# xorg 1.7 + nvidia 190 - jedwabiście ciekawe efekty

## m1k0

Czy komukolwiek udał się eksperyment xorg-server 1.7.1 + nvidia 190?

Przebudowałem parę razy biblioteki powiązane z x-ami a teraz przebudowuję całego world-a (-e) ale jakoś słabo wierzę w sukces.

Obecnie mam tak, że mam brak wspomagania 3W w sterach 190, a mysz zachowuje się tak, że po jakimkolwiek ruchu myszką, wskażnik myszy szaleje w lewym górnym rogu. touchpad działa bez zarzutów. Czyżby 1.7.1 ma pomylony kod MPX - multi pointer? Może to tylko kwestia ustawień?

A może to hal, który jest już "deprecated" powinien był zostać wywalony? Ale tu jakoś nie doszukałem się jakiegokolwiek tutorialka developerów gentoo jak to zrobić, czy jest w tym jakiś sens?

Oczywiście mogę powklejać mnóstwo różnych "wyjść" z emerge --info, eix-a, itp.

Oczywiście xorg 1.6 + nvidia 180 działa wyśmienicie i kde z efektami może śmigać

Proszę o pomoc lub jakiekolwiek wskazówki, gdzie mogę coś wygrzebać i popoprawiać.[/list]

Arfrever: Ortografia

----------

## one_and_only

U mnie działa.
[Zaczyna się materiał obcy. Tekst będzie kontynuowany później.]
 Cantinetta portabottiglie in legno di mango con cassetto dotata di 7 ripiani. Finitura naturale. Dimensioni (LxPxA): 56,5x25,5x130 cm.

Tutaj kilka wskazówek https://forums.gentoo.org/viewtopic-t-799568-highlight-nvidiadrivers.html Zrób synca cobyś nvidia-drivers-190.42-r2 miał.

----------

## Pryka

A mi padła całkiem myszka i klawiatura... Nie reagują... ktoś ma jakieś pomysły??

----------

## BeteNoire

Pryka, zawsze jak upgradujesz z xorg-server 1.X do 1.Y to przekompilowujesz drivery x11-drivers/xf86*, co zresztą zaleca sam ebuild.

----------

## Pryka

Już na to wpadłem... wiesz co jest najśmieszniejsze? Że przeczytałem tą adnotację... a potem zrobiłem reboot zamiast najpierw przebudować... pośpiech mnie zgubił...
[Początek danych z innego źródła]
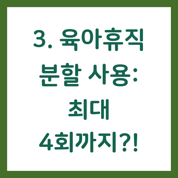 아이의 어린이집, 유치원, 초등학교 입학 시기 등을 고려하여 전략적으로 분할 사용 계획을 세우는 것이 좋습니다 . 육아와 직장 생활을 조화롭게 병행할 수 있도록 돕는 제도인 만큼, 나에게 맞는 최적의 활용법을 찾아보세요!

Swoją drogą mam problem... Gentoo 10.1 nie odpowiada na klawiaturę ani myszkę... Nowe minimalCD tak samo.... a stare które u mnie działa nie wspiera ext4 więc nie mogę zrobić chroota... I jestem w kropce nie mam żadnej wolnej CD do nagrania jakiegoś distro...

----------

## mateuszz

odnośnie myszy w lewym górnym rogu: Może masz mysz A4Tech X7 pod USB? jeśli tak, to nie jesteś pierwszy z tym bugiem. Ja tymczasowo zmieniłem myszę.

----------

## Pryka

Dobra ja już też załatwiłem swój problem... poszperałem i okazało się że nieodpowiadająca mysz i klawiatura to dość powszechny problem wystarczyło odpiąć i podpiąć kabelek...

Potem szybki chroot i już wszystko działa

----------

## dylon

Ogolnie do nowych x-ow trzeba skompilowac nowe evdev. a tu juz nie jest rozowo.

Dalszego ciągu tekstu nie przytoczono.